I am working with a very large sparse matrix (for example) given in what follows:
m = 50; n = 40; o = 30; size = m*n*o;
B = SparseArray[{
{i_, i_} -> RandomReal[], {size, size - 1} ->
2., {i_, j_} /; Abs[i - j] == 5 ->
1., {i_, j_} /; Abs[3 i - j] == 2 -> 2.
}, {size, size}, 0.]
This is a matrix of the size $60000\times 60000$ as a simple instance (in practice I have several of such matrices of higher sizes).
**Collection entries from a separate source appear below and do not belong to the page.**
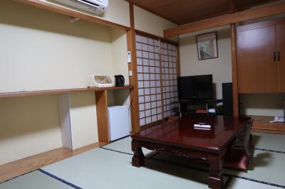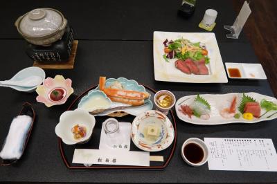 湯本駅から徒歩7分、温泉神社手前の鶴の足湯広場を曲がった先です。蟹など海鮮料理が楽しめるプランの中から「あんこう鍋プラン」を予約。併設の料理店であん肝たっぷりで濃厚なあんこう鍋を堪能してきました。客室は細長いタイプの和室9畳・バストイレ付。窓を開けると隣のビルの壁で眺望はありませんが逆に静かに過ごせます。源泉掛け流しの温泉は24時間入浴可能なのも嬉しいポイント。従来のフルサービスをやめ気軽に何度も利用できる宿にシフトしたそうで、建物の古さを感じますが綺麗な客室でのんびり過ごすことができました。
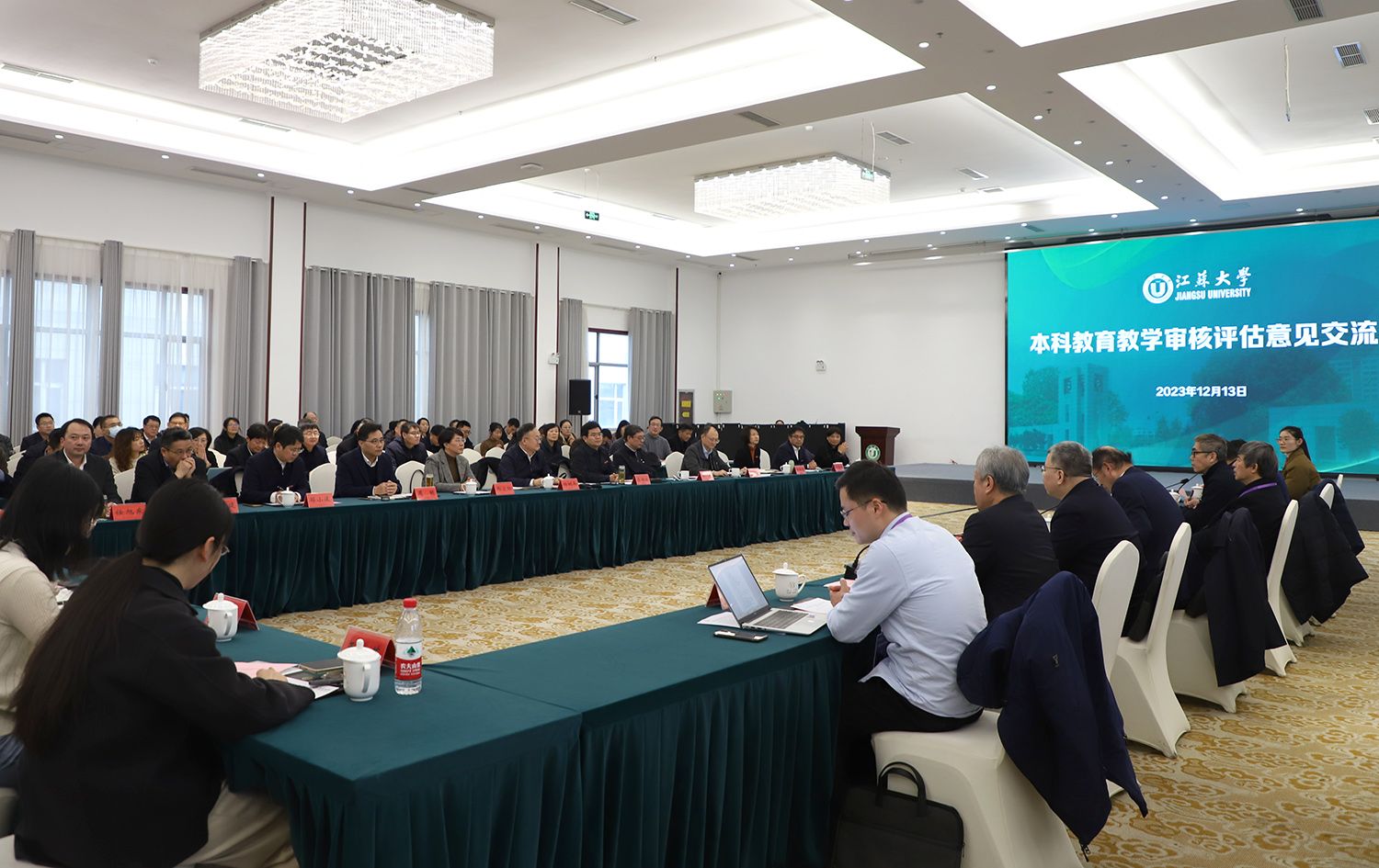 12月13日下午,球速体育本科教育教学审核评估专家意见交流会在青教公寓多功能厅举行。专家组组长、贵州大学校长宋宝安,专家组副组长、陕西师范大学原党委书记程光旭和专家组成员,省教育厅副厅长杨树兵,省教育厅高教处、省教育评估院负责人,我校全体校领导、党委常委,主要职能部门负责人,各教学机构党政主要负责人、分管教学领导,校本科教学督导,教师代表,学生代表等出席会议。
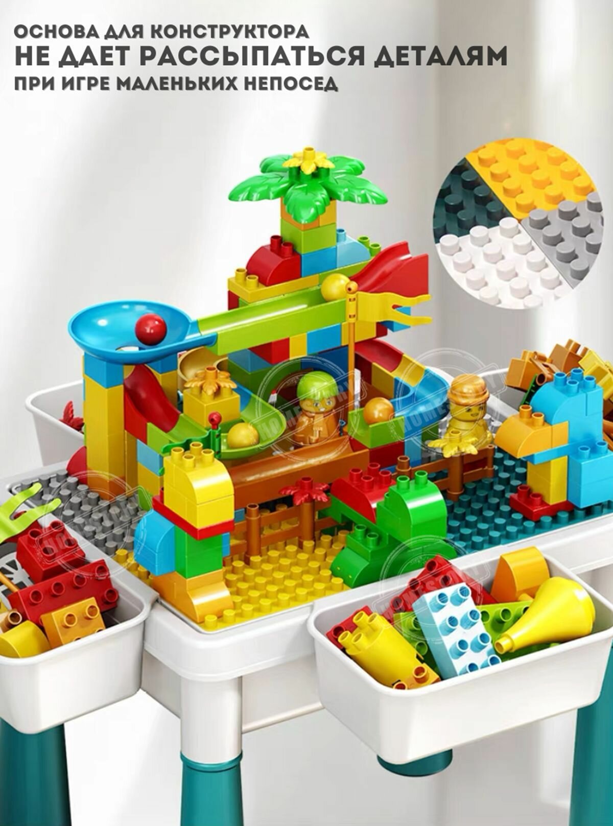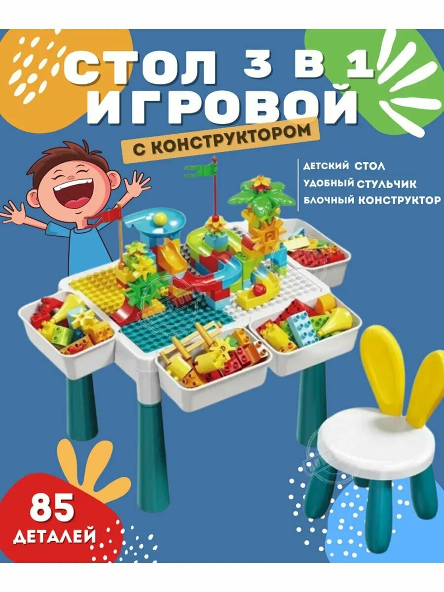 Детский стол с конструктором и стулом, для детей с крупными деталями 85 дет. интересное:

I wish to replace many rows of the matrix $B$ with special rows (here with zero rows) coming from boundary conditions. My list of rows' numbers are given by
index1 = Flatten[Table[{i, j, k}, {i, 1, m}, {j, 1, n}, {k, 1, o}], 2];
Table[ind = index1[[l]];
If[ind[[1]] == 1 || ind[[2]] == n, var[l] = 0, var[l] = l], {l,
Length@index1}];
bounindex = Table[var[l], {l, Length@index1}];
And my zero row is produced by
vector1 = SparseArray@ConstantArray[0, size];
Now for doing the replacement only for the 0 numbers obtained in bounindex
, I write the following replacing rule in a loop as simply as possible:
Table[Which[bounindex[[i]] == 0, B[[i]] = vector1], {i,
size}]; // AbsoluteTiming
This works OK but it takes a tremendous time (in my real problem I have larger sizes)! So I am wondering if there is a speed-up technique to replace the special rows of the matrix $B$ with appropriate rows (that I want).
I would be thankful if some hints for accelerating such a replacement be given.